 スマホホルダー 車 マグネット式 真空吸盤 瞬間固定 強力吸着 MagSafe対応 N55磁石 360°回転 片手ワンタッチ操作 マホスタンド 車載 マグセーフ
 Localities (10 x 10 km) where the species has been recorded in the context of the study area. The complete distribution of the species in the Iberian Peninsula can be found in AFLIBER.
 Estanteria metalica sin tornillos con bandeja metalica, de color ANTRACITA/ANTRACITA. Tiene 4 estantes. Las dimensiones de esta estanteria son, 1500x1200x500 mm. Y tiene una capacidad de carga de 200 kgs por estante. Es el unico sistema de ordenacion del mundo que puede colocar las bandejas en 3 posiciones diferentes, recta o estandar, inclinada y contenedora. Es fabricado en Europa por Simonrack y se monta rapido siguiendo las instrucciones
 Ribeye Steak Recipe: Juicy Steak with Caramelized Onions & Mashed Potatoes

_Exercise description_. For this exercise, please copy exactly the lines of the material above from its first line through the line where "Localities (10 x" appears.

_Response to the task_.
 スマホホルダー 車 マグネット式 真空吸盤 瞬間固定 強力吸着 MagSafe対応 N55磁石 360°回転 片手ワンタッチ操作 マホスタンド 車載 マグセーフ
 Localities (10 x 10 km) where the species has been recorded in the context of the study area. The complete distribution of the species in the Iberian Peninsula can be found in AFLIBER.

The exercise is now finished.